III

День 10 июля 1800 года начался чудным ярким утром. Погода, наконец, по-видимому, установилась после дождей с бурями и ветрами, свирепствовавшими весь май и июнь, целую неделю без перерыва небо было ясно и солнце ярко светило.

Государь Павел Петрович всегда вставал рано, но в последние дни, благодаря, вероятно, солнечным лучам, которые проникали сквозь тяжелые драпировки его спальни с четырех часов утра, его уже в шестом часу видели выходившим из дворца, большей частью в сопровождении графа Кутайсова, и направлявшимся к еще строившемуся Михайловскому дворцу. Тут работа уж давно кипела, и государь мог собственными глазами удостовериться, как быстро она подвигается вперед. Архитектор не обманул его: 8 ноября можно будет освятить здание, а затем и переехать в него. Сам Бренн всегда встречал царя и, почтительно выслушивая его замечания, водил его по покоям, еще без окон и без дверей, с деревянными мостками вместо паркета. Царь очень интересовался новым дворцом и каждый день придумывал что-нибудь особенное для его украшения. Чтобы угодить ему, все его приближенные делали вид, что тоже заняты воздвигаемым зданием и с нетерпением ждут его окончания. Никогда не случалось, чтобы государь не застал здесь среди извести, мусора и опилок кого-нибудь из своих любимцев. Ему приятны были эти встречи; это очень скоро заметили, и всякий, кто мог, пользовался этим, чтобы с утра узнать душевное настроение монарха и успеть раньше других шепнуть ему намек на врага или просьбу. Случалось, что и сам военный губернатор, граф фон дер Пален, узнав, что государь на стройке, бросал свои занятия, чтобы явиться туда и иметь счастье, с опасностью увечья, пробраться за его величеством по тонкой доске, перекинутой над глубокой ямой с мусором, или, пачкаясь о ведра с известью, спотыкаясь о тележки с мусором и тачки с песком, карабкаться по временной лестнице без перил, рискуя каждую минуту оступиться и свалиться с огромной высоты. Иногда старшие великие князья как бы невзначай попадались государю на стройке у кучи сваленных кирпичей или на краю ямы с дымящейся известью, и он почти всегда милостиво разговаривал с ними. Это была самая удобная минута подступиться к нему: нигде не был он так весел и снисходителен, как на стройке.

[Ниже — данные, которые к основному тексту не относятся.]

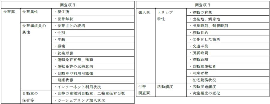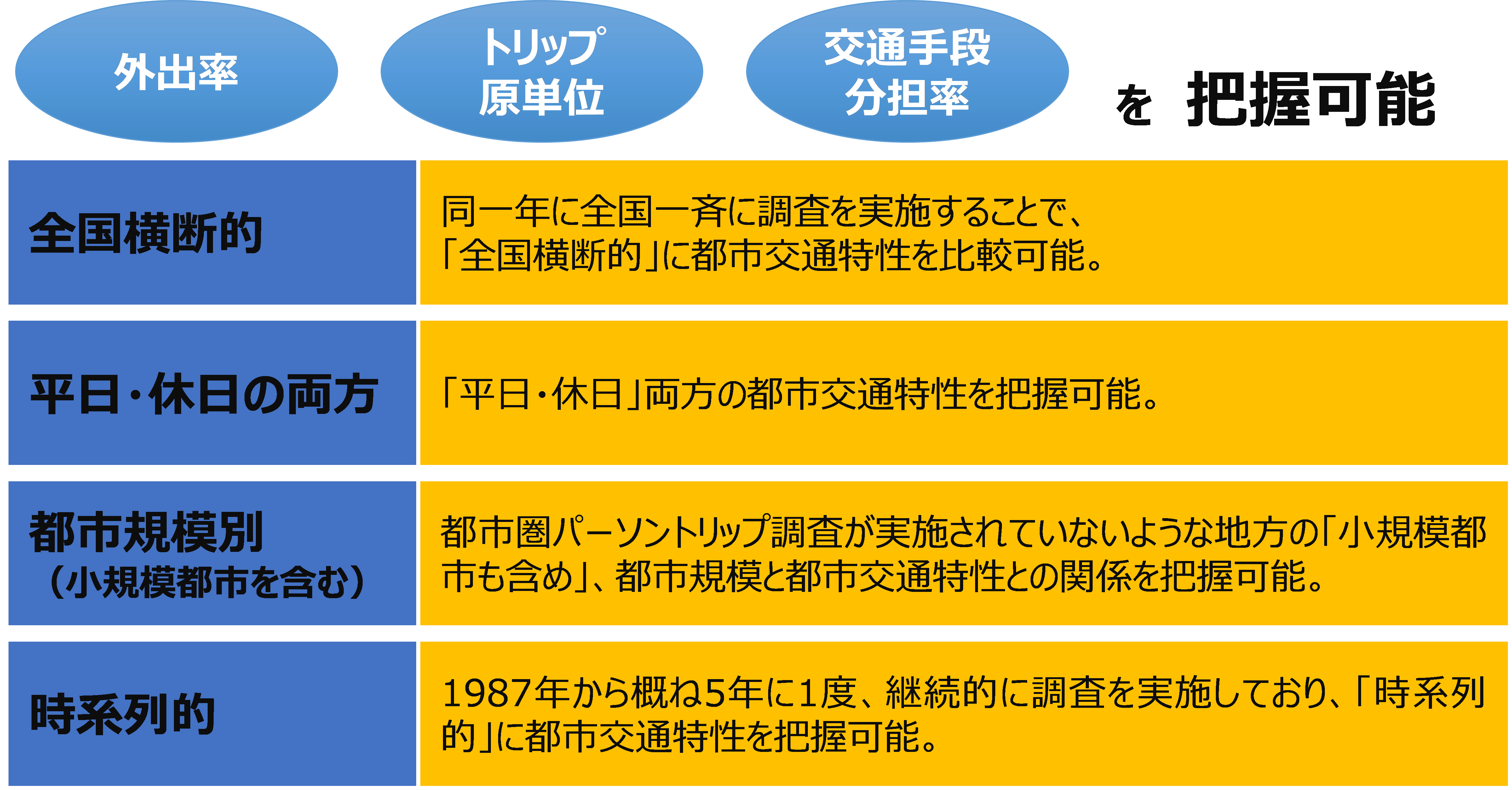 全国の平日・休日の都市交通特性を都市特性・地区特性等の関連において把握し、社会情勢の変化や地域特性に応じた都市交通計画・施策を検討するための基礎資料を得ることを目的としています。
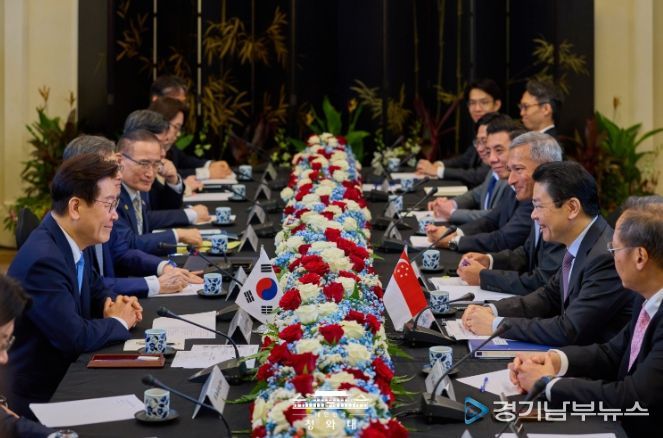 [경기남부뉴스 김혜숙 기자] 싱가포르를 국빈 방문 중인 이재명 대통령은 3월 2일 오전 '로렌스 웡(Lawrence Wong)' 싱가포르 총리와 정상회담을 갖고 양국 간 전략적 동반자 관계 심화 방안과 한반도 및 중동정세 등 주요 국제 현안에 대해 폭넓게 논의했다.

В этот день, благодаря ли погоде или другой какой причине, общество, собравшееся здесь, было многочисленнее обыкновенного. К старым царедворцам в крупных чинах и с высоким положением в администрации присоединилась молодежь. Великий князь Константин Павлович весело болтал со своими приближенными о последнем городском скандале: хорошенькая супруга сенатора О-ва таинственно исчезла из города и, к величайшему гневу и конфузу ее супруга, все усилия найти ее до сих пор оставались тщетными.

— Петр Хрисанфович, — обратился великий князь к сановнику с крупным носом и хитрыми глазами, — неужели полиция до сих пор не разыскала ее?

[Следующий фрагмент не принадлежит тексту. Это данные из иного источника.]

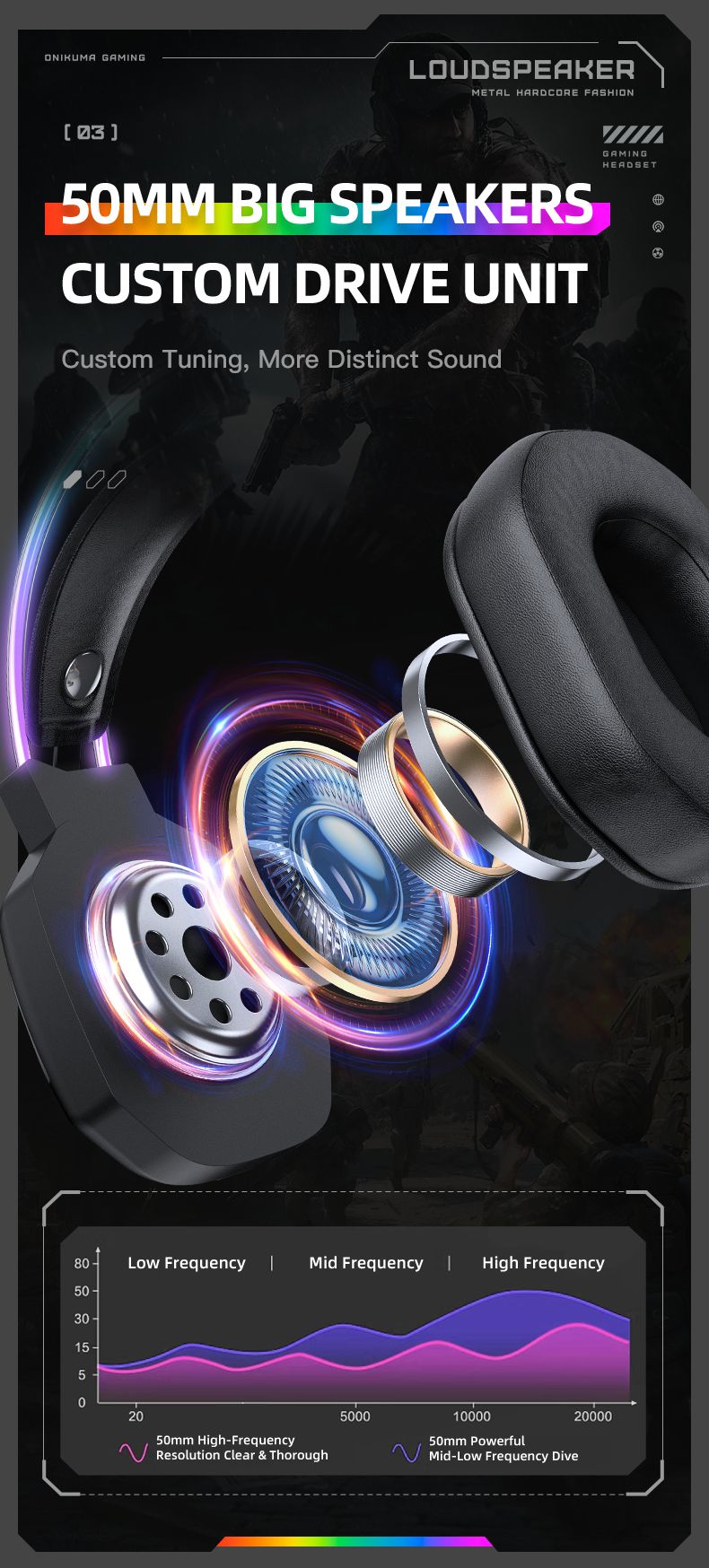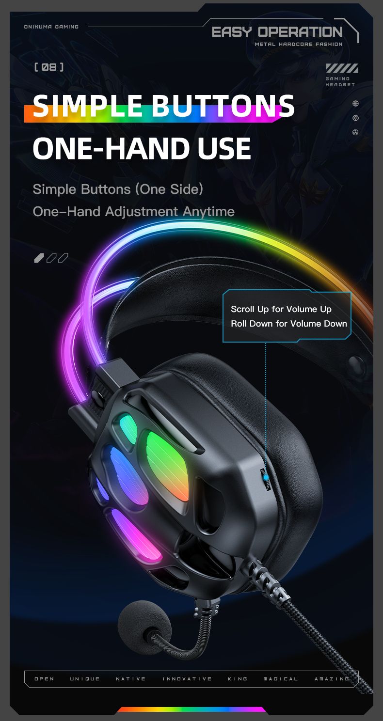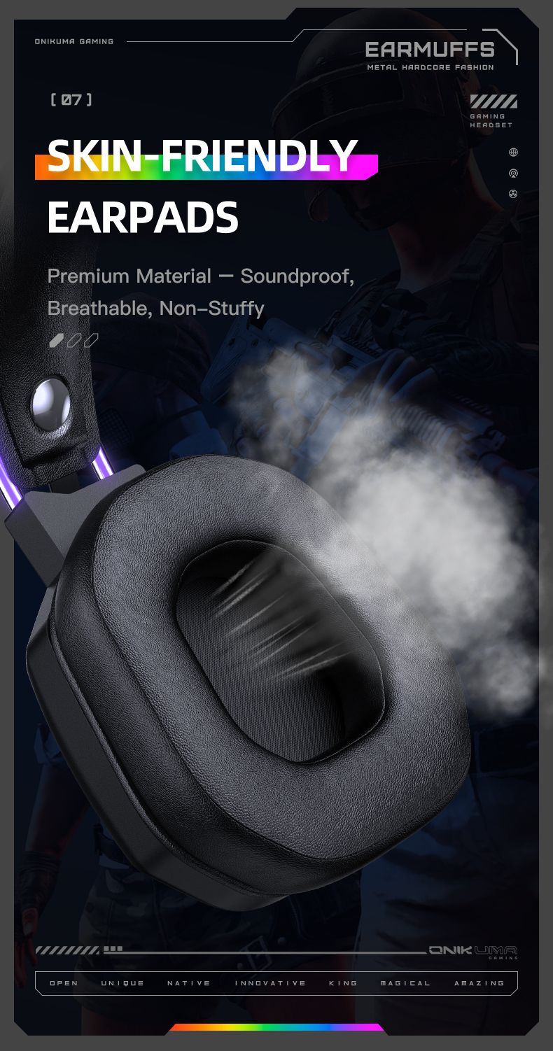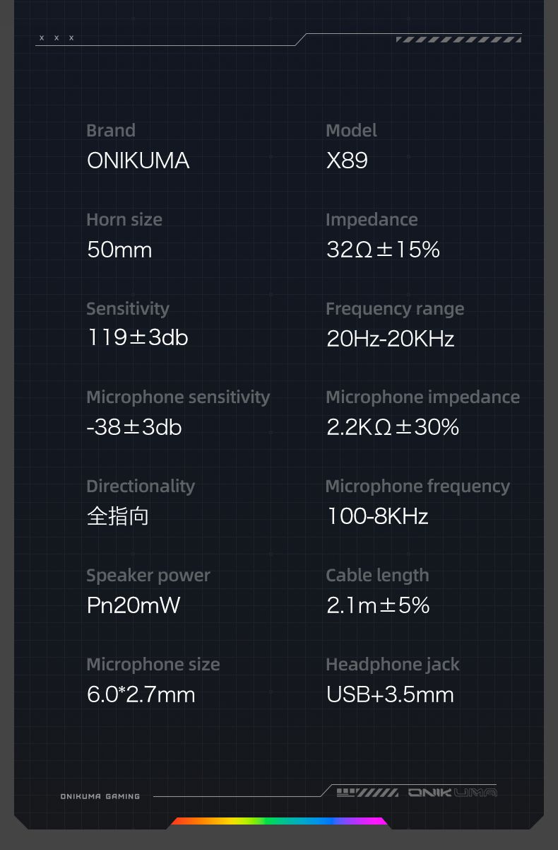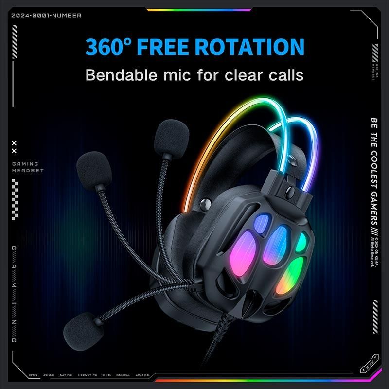 Onikuma X89 - це провідна ігрова гарнітура з потужними 50-мм динаміками, ефектним RGB-підсвічуванням та ергономічним дизайном. Модель розроблена для геймерів, яким важливим є якісний звук, точна передача голосу та комфорт навіть при тривалих ігрових сесіях.

— Не слыхать, ваше высочество, — с почтительной сдержанностью ответил старик.

— Но ведь государь приказал?

— Все надлежащие меры для исполнения воли его величества приняты, ваше высочество, и, без сомнения, О-в скоро будет извещен о местонахождении своей супруги.

— Бедная! Я не желал бы быть на ее месте, — заметил блестящий офицер, князь Александр Яковлевич Лабинин.

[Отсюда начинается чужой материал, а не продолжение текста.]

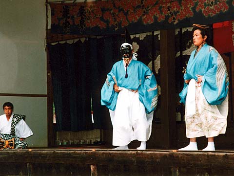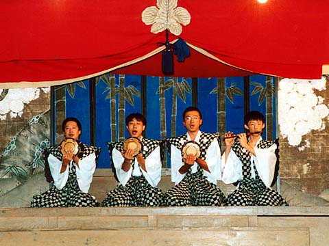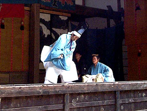 三番叟退場し、つづいて囃子方が二重台をおり、舞台前面に進み一礼し退場する。
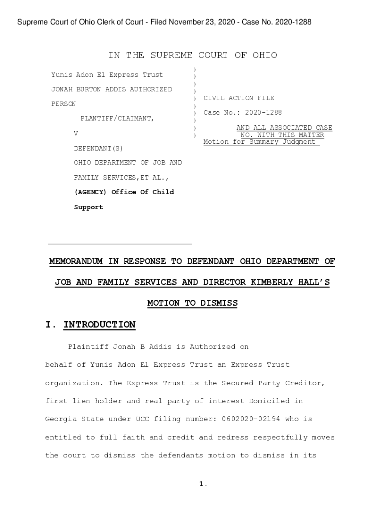 Supreme Court of Ohio Clerk of Court Filed November 23, 2020, Case No. 20201288IN THE SUPREME COURT OF OHIO Tunis Avon El Express Trust JONAH BURTON ADDS AUTHORIZED PERSON PLAINTIFF/CLAIMANT, V DEFENDANT(S)))))))))))CIVIL

— А я так удивляюсь, как она раньше от него не убежала, — подхватил другой, — он лет на сорок, по крайней мере, старше ее.

— А собой какая обезьяна, — начал было великий князь, но движение среди присутствующих, внезапно вытянувшиеся лица и тревога, мгновенно заменившая беззаботное выражение во всех глазах, заставили его догадаться о приближении государя и смолкнуть на полуслове.

— О чем беседуете, господа? — спросил царь, ответив на поклоны собравшегося тут общества.

Вопрос ни к кому особенно не относился, но все, точно сговорившись, на шаг отступили, и великий князь очутился один перед своим державным родителем.

— О несчастии сенатора О-ва, ваше величество, — ответил великий князь.

Государь приподнял голову и устремил на сына пристальный, испытующий взгляд.

— Я спрашивал у Петра Хрисанфовича, удалось ли словить беглянку, — продолжал великий князь, скрывая под напускной развязностью чувство безотчетного страха, забиравшегося ему в душу.

И предчувствие не обмануло его: государю не понравились ни слова его, ни тон, которым они были произнесены.

— Напрасно любопытничаете вы, сударь, насчет таких материй, как семейное несчастье почтенного человека. Это ни званию вашему, ни возрасту не приличествует, — произнес царь и, помолчав немного, прибавил, окидывая строгим взглядом молодежь, окружавшую его сына: — Госпожа О-ва, по моему соизволению, поехала за границу лечиться от болезни.

— С патером Денковским, — шепнул чей-то насмешливый голос на ухо стоявшему в отдалении князю Лабинину.

Князь тревожно взглянул на государя, но его величество уже круто повернулся к архитектору, ожидавшему своей очереди на почтительном расстоянии с треуголкой в руке, и предложил ему вопрос касательно производившихся работ, а затем, продолжая разговаривать с ним, направился ко дворцу. За ним последовала его свита, храня глубокомысленное выражение на гладко выбритых лицах.

Граф Кутайсов тоже хотел идти за государем, но великий князь удержал его.

— Что это значит, граф? — спросил он у любимца царя.

— Не могу знать, ваше высочество.

— Вы-то не знаете? Рассказывайте! Вы все знаете, — с досадой возразил великий князь.

— Все знать — все равно что ничего не знать!

— А! Секрет? Так бы и сказали. А когда государь про это узнал?

— И это не могу знать, ваше высочество, — все с той же усмешкой, точно поддразнивая его, объявил Кутайсов.

— Не стоит, значит, с вами и толковать, — с досадой сказал великий князь. — Пойдемте, господа, — прибавил он, торопливо направляясь ко дворцу.

Все последовали за ним, за исключением князя Лабинина и увешанного орденами сановника, которого титуловали графом.

Этот человек был уже немолод и, невзирая на следы замечательной красоты, отличался такими грубыми манерами, что его с первого взгляда легко было признать за гатчинца. Держался он ото всех особняком, никому не внушал доверия и считался ближайшим царю клевретом. С некоторых пор он явно ухаживал за любимцем цесаревича, князем Лабининым, и, к величайшему неудовольствию этого последнего, не пропускал случая вступать с ним в интимные беседы.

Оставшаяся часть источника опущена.